Return the full set of entries precisely. Do not carry over any pictures.

++++++++

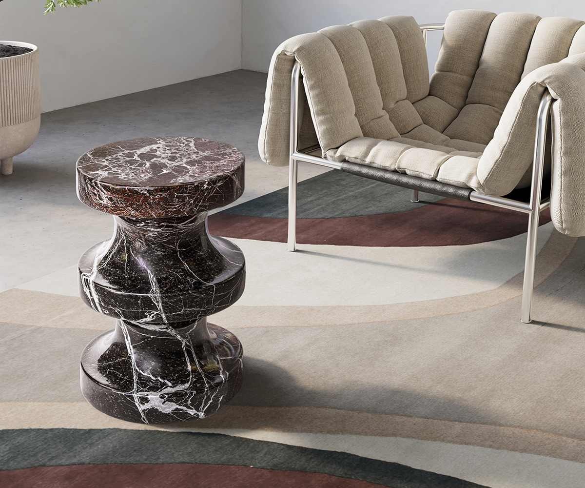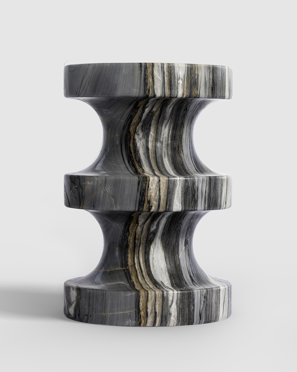 TYPOLOGY: Stool MATERIAL: Natural Stone DIMESIONS: D 12”[30 cm] x H 18[46 cm]
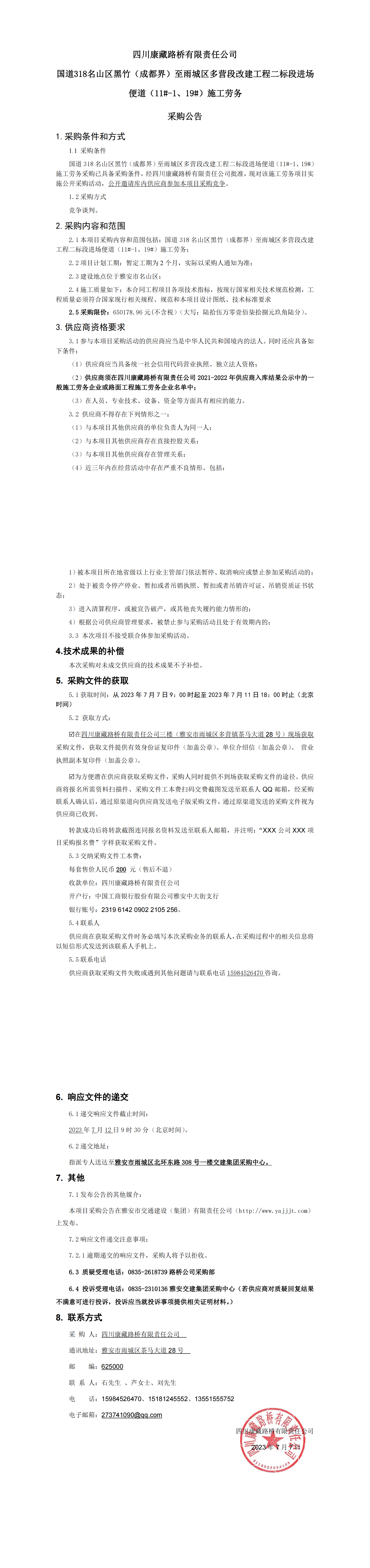 四川康藏路橋有限責任公司國道318名山區(qū)黑竹(成都界)至雨城區(qū)多營段改建工程二標段進場便道(11#-1、19#)施工勞務(wù)采購公告
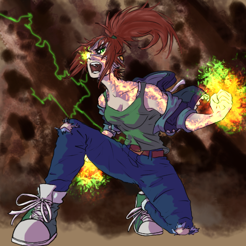 Ich find es genial, wie die Mimik bei deinen Zeichnungen rüberkommt, das fällt mir immer noch vor den Posen und dem Farbschema auf. Ganz zu schweigen davon, dass sie nach einem interessanten Charakter klingt.
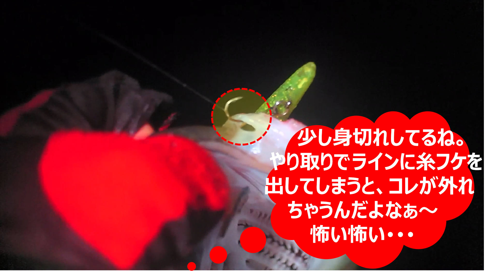 こういう状態の時に、ドラグを締め過ぎていると、裂け目が広がりバラシ確率が大きくなるし、やり取りの最中で、魚が首を振った時に糸フケを出してしまったりするとバラシに繋がるので要注意だ。
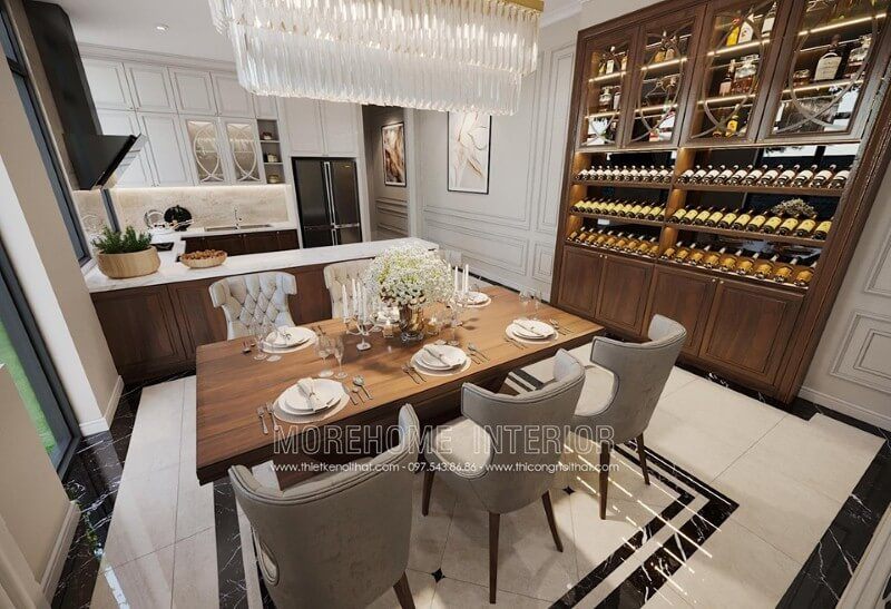 Bố trí nội thất phòng ăn hiện đại nhưng đẹp thông thoáng bởi ý tưởng tạo nên không gian mở từ hệ cửa kính rộng, lớn.
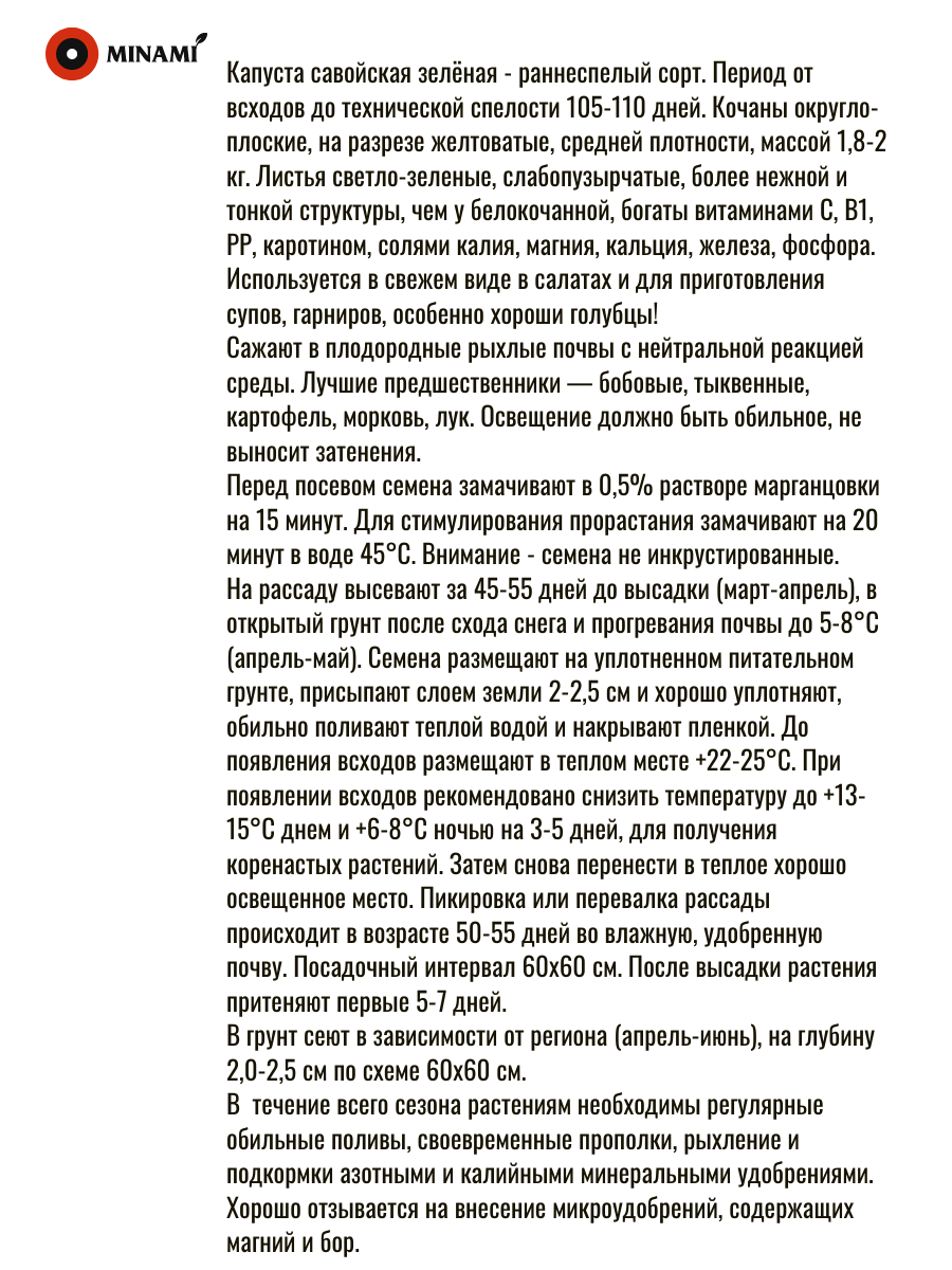 Minami Seeds Капуста савойская зелёная - раннеспелый сорт. Период от всходов до технической спелости 105-110 дней. Кочаны округло-плоские, на разрезе желтоватые, средней плотности, массой 1,8-2 кг. Листья светло-зеленые, слабопузырчатые, более нежной и тонкой структуры, чем у белокочанной, богаты витаминами С, В1, РР, каротином, солями калия, магния, кальция, железа, фосфора. Используется в свежем виде в салатах и для приготовления супов, гарниров, особенно хороши голубцы!

++++++++

[Output of the exercise]:
 TYPOLOGY: Stool MATERIAL: Natural Stone DIMESIONS: D 12”[30 cm] x H 18[46 cm]
 四川康藏路橋有限責任公司國道318名山區(qū)黑竹(成都界)至雨城區(qū)多營段改建工程二標段進場便道(11#-1、19#)施工勞務(wù)采購公告
 Ich find es genial, wie die Mimik bei deinen Zeichnungen rüberkommt, das fällt mir immer noch vor den Posen und dem Farbschema auf. Ganz zu schweigen davon, dass sie nach einem interessanten Charakter klingt.
 こういう状態の時に、ドラグを締め過ぎていると、裂け目が広がりバラシ確率が大きくなるし、やり取りの最中で、魚が首を振った時に糸フケを出してしまったりするとバラシに繋がるので要注意だ。
 Bố trí nội thất phòng ăn hiện đại nhưng đẹp thông thoáng bởi ý tưởng tạo nên không gian mở từ hệ cửa kính rộng, lớn.
 Minami Seeds Капуста савойская зелёная - раннеспелый сорт. Период от всходов до технической спелости 105-110 дней. Кочаны округло-плоские, на разрезе желтоватые, средней плотности, массой 1,8-2 кг. Листья светло-зеленые, слабопузырчатые, более нежной и тонкой структуры, чем у белокочанной, богаты витаминами С, В1, РР, каротином, солями калия, магния, кальция, железа, фосфора. Используется в свежем виде в салатах и для приготовления супов, гарниров, особенно хороши голубцы!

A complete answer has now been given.